Stellar Power(Luminosity) Flux

Question

So I was applying some mathematical techniques I learned to physics, and one thing that captured my interest, is the power or luminosity flux of a star. So modeling the situation, taking the scalar field of Luminosity($L$), and the vector surface(stellar surface), $S$, I began by setting up a Surface (Flux, in this case) integral of

$$ \iint_{S}L\,dS $$

Where,

$$ S=\langle r\sin\theta \cos\phi,r\sin\theta \sin\phi,r\cos\theta \rangle \;,\; \theta \, \epsilon \, [0,\pi] \wedge \phi \, \epsilon \, [0,2\pi] $$ $$ L = 4\pi r^{2}\sigma T^{4} $$

$r$ in this model is the invariant stellar radius. Following logic, since $L$ has no explicit dependency on $ \theta $ or $\phi$, I rearranged as:

$$ 4\pi r^{2} \sigma T^{4} \iint_{S} dS $$

Since the integral of dS over S is merely surface area, and our surface is a sphere of radius $ r $, this expression reduces to:

$$ 16\pi^{2} r^{4} \sigma T^{4} $$

The dimensional analysis for this breaks down to $ W \cdot m^{2} $. Isn't flux supposed to be quantity per area?

Answer 1

$ L = \int \int {\bf F} \cdot d{\bf s}$

is where you should start, where $F$ is the flux in units of Watts/m$^2$.

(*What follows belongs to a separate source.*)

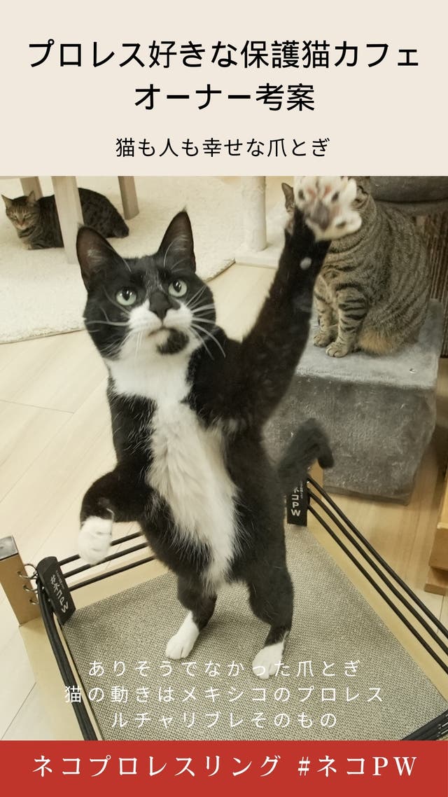 - 沢山の保護猫たちと共に生活をしているプロレス好きな保護猫カフェのオーナー考案
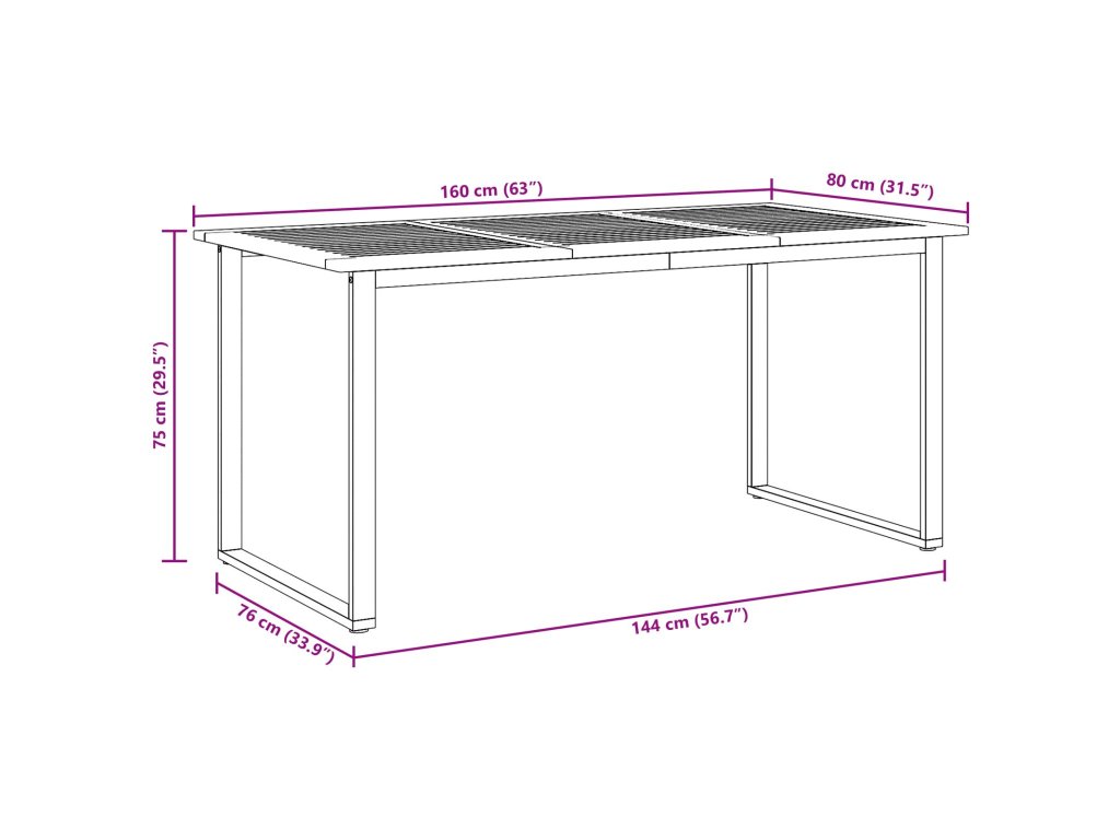 - Celkové rozměry: 160 x 80 x 75 cm (D x Š x V)

Blackbody flux is given by $\sigma T^4$ and hence an isotropic flux integrated over a sphere

$$ L = \int^{2\pi}_{0} \int^{\pi}_{0} \sigma T^4 r^2 \sin \theta\, d\theta\,d\phi = 4\pi r^2 \sigma T^4$$

Answer 2

$ L $, the term for Luminousity, IS the power flux across a stellar surface. I've been trying to find what I already had. Doing so then resulted in multiplying the flux in essence by distance units $ m $, but in the fourth order of magnitude.